DEVLET, kendini doğrudan ilgilendirdiği bir piyasa ile bir türlü barışamadı. Devlet iç borçlanma senetleri (DİBS-Hazine bonoları) piyasası ile kurulduğu 1985 yılından bu yana çok fazla oynandı. Hálá doğruyu arıyoruz.
Hazine, devletin veznesi olması sıfatıyla, oluşan finansman açıklarını kolay ve ucuza borçlanarak karşılamak ister. Maliye Bakanlığı ise topladığı vergileri azamiye çıkarmaya çalışır. DİBS piyasasında, Maliye Bakanlığı Hazine’nin ayağına basmaktan bıkmamıştır. Devlet kendi kendini vergilendirip vergi gelirlerini artırmaya çalışmıştır.
YAZ-BOZ TAHTASI
DİBS piyasası son yirmi yılda yaz-boz tahtasına döndü. Hazine’nin iç borçlanmaya yönelik olarak yaptığı ihalelerin yöntemi belki on kez değişti. Önce, borçlanılacak miktar açıklanıp faizin tespiti piyasaya bırakıldı. Borçlanma ihalesini kazananlara en yüksek faizden DİBS satıldı.
Sonra, Hazine boşuna rant dağıttığını düşünüp ihalede teklifleri kabul edilenlere ihalede verdikleri fiyattan satış yaptı. O da beğenilmedi. İhaleden önce Hazine’nin kabul edeceği azami faiz açıklanıp borçlanma miktarının tespiti piyasaya bırakıldı.
Bu da beğenilmedi. Ne borçlanma miktarı ne de faiz açıklanarak ihalede gelen tekliflere göre Hazine istediğini yaptı. Önce, azami faizden tüm kazananlara DİBS verildi. Daha sonra vazgeçildi, kazananlara teklif ettikleri faizden DİBS verilmeye başlandı.
Dönüp dolaşıp geçmişte denenen kurallar yeniden uygulamaya kondu. Yeniden vazgeçildi. Geçmişte denenen bir başka kurala geçildi. Bir türlü beğenilen bir ihale yöntemi bulunamadı. Ama, akla gelebilecek her şey denendi.
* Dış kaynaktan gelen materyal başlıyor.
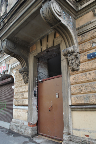 В доме в центре Петербурга коммунальщики самовольно заменили исторические двери на металлические. Здание охраняется КГИОПом

Amaç, Hazine’nin düşük faizle kolay borçlanma yapabilmesiydi. Ekonomik şartlar değiştikçe, kurallar da değiştirildi. Kolay borçlanıldığı zaman teklif fiyatından satış yapıldı. İşler zorlaştığında, azami faizden ihalede teklifleri kabul edilenlere DİBS satışı yapıldı.
Devlet, bir yandan ucuza ve kolay borçlanabilmeye çalışırken, diğer yandan vergi gelirlerini artırma çabasında oldu. Vergi gelirlerini artırmanın bir yolu olarak devlet kendi sattığı DİBS’leri gözüne kestirdi. Zaten DİBS yatırımcıları büyük paralar kazanıyordu. O halde, bu kazançlar vergilendirilmeliydi.
Aslında, DİBS faizlerinin vergilendirilmesiyle faizler arttı. Vergiyi devlet kendisi ödemiş oldu. Her şeyden önemlisi, DİBS piyasası küçüldü. Yani, Hazine’nin borçlanabileceği havuzun suyu azaldı. Borçlanma zora girince, DİBS’lerin vergilendirilmesinden vazgeçildi.
Şimdi konu yeniden gündeme geldi. Finansal araçların vergilendirilmesinde herhangi bir aracı kayırmamak ya da kösteklememek için vergilendirmede bir yeknesaklık sağlanmaya çalışılıyor. Devlet yine kendi piyasasına göz dikti. Devlet kendi borçlanmasından elde edilen gelirleri vergilendirmek istiyor.
DEVLET AYRICALIKLIDIR
Bunca deneyimden sonra çok fazla ders alınmamışa benziyor. Devlet daha fazla faiz ödeyecek. DİBS piyasası yeniden küçülecek. Belki, kısa dönemde piyasanın küçülmesi Hazine’yi rahatsız etmeyecek. Ama, finans piyasalarının çeşitli nedenlerle sinirleri bozulduğunda, Hazine yine daha küçük bir piyasada daha yüksek faizler ödeyerek borçlanmaya çalışacak.
Dünyanın birçok ülkesinde devlet kendi borçlanmasına ayrıcalık tanır. Gelirlerini ve giderlerini aynı anda idare etmeye çalışır. Bizde ise Hazine başkadır, Maliye Bakanlığı başka. Sanki, bu iki kamu organı aynı devlet içinde değiller!